Lindsay Sweetnam talks to community members about Casa's resources for victims of domestic violence. Photo by Erica Hellerstein

In a break from its usual format at Mission Station, the community meeting hosted by the San Francisco Police Department at the Good Samaritan Family Resource Center on Tuesday offered presentations from the domestic violence agency La Casa de las Madres and the Department of Public Health.

La Casa’s community programs director, Lindsay Sweetnam, talked to residents who had gathered for the meeting about the group’s crucial work to provide shelter, support and legal advocacy to victims of domestic violence.

“Domestic violence is something we’ve all seen in the news a lot lately, and statistics show that one out of three women will experience domestic violence sometime in their life, and it’s traditionally an under-reported crime,” Sweetnam said.

She also provided background information on the center, including its history and services, and talked about various forms of abuse, both mental and physical, as well as resources for victims of domestic violence.

Following her presentation, community members inquired about La Casa’s relocation support services and volunteer opportunities at the center.

“I will say with full confidence that we would not be able to run without the amazing volunteer program that we have,” Sweetnam said.

Following La Casa’s presentation, a representative of the Department of Public Health talked about off-sale liquor licenses and their regulation in San Francisco. Off-sale alcohol outlets are retail establishments that are authorized to sell beer, wine and/or distilled spirits that are taken elsewhere to be consumed, the presenter explained.

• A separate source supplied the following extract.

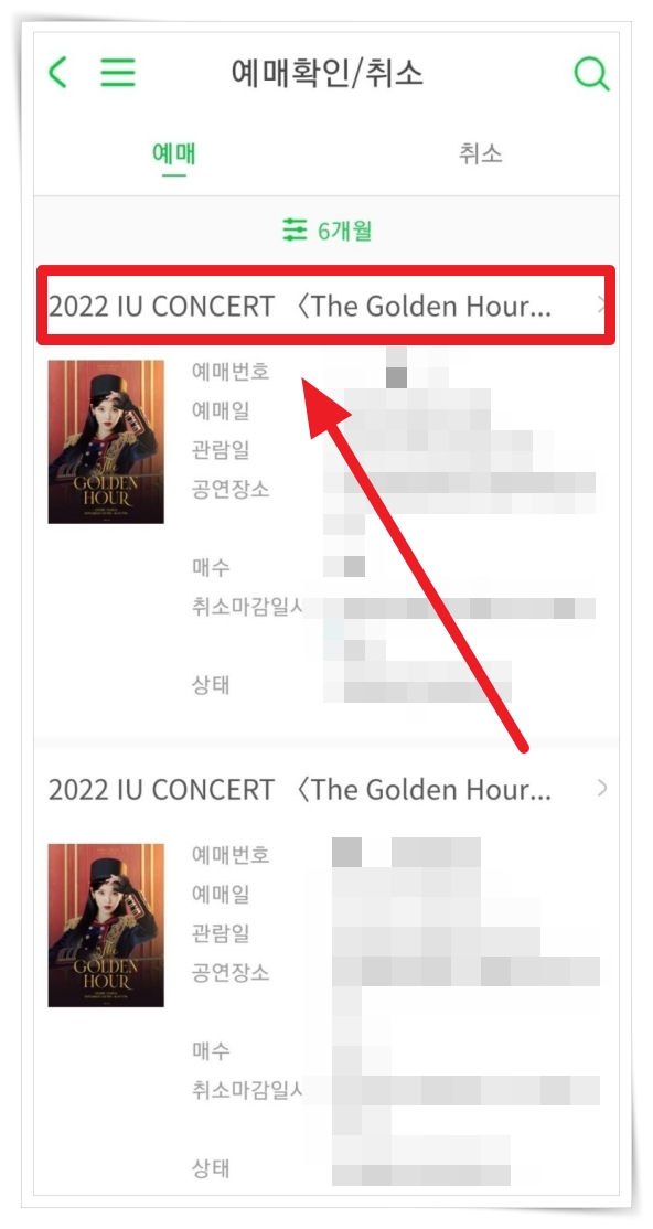 3. 예매내역에서 콘서트명을 클릭해 주세요.

She spoke about statewide regulations for selling alcohol and the Deemed Approved Uses Ordinance, a local law that requires businesses that sell alcoholic beverages to maintain their businesses in an upright and lawful manner for the community. She also provided a map of off-sale alcohol outlets in the city by supervisorial district.

“We have data about higher rates of violent crime, drug sales, money laundering — wherever you have higher density of alcohol you’re going to see higher rates of all these things. The corner stores present a different kind of issue in San Francisco because there’s just so many of them,” she said.

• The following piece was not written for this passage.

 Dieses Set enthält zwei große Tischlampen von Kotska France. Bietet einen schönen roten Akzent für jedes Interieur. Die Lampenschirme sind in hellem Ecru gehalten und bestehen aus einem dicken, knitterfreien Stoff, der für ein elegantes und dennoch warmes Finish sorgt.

After the presentations, Moser conducted the meeting as usual, providing an overview of crime statistics from Oct. 14 to Nov. 10, then opening up the floor to questions and comments.

Overall, Moser said, robberies were down 25 percent while aggravated assaults were up 67 percent. There was a 15 percent increase in violent crime, with no change in burglaries, which hovered at 36. Auto theft was down 22 percent.

Moser noted that the numbers and results were skewed because of the chaos and vandalism that happened following the Giants’ World Series win.

He outlined a handful of “outstanding arrests” over the Thanksgiving break. This included the Nov. 21 arrest of a suspect for locker burglaries at a health club, the arrest of a suspected cell phone thief and recovery of the stolen phone on Nov. 23, and a Nov. 24 arrest in a residential burglary.

Following Moser’s presentation on crime statistics, community members voiced numerous neighborhood grievances, the majority pertaining to the persistent prostitute and pimp problem on Capp and Shotwell.

“This is worse than it ever was before, in my opinion,” said one Mission resident.

Moser responded that since Sept. 1, police have made 87 arrests for prostitution on Capp and Shotwell.

Regardless, he conceded, “prostitution is still a big issue.”

Other residents complained of menacing and threatening activity on Harrison and 24th streets, with large groups of teenagers loitering on the street “in a very intimidating fashion.”

“They take over the whole block,” a longtime resident lamented.

Moser suggested the creation of a neighborhood watch group for the 2800 block of Harrison Street.

“That would be a great, great first step,” Moser said. “There is strength in numbers. It’s a way to empower a neighborhood.”

Residents agreed that this could be a viable solution.

“I have so much of my life invested in that house, and I hate coming home, I really do,” said a Harrison Street resident. “I should not be overrun from my house.”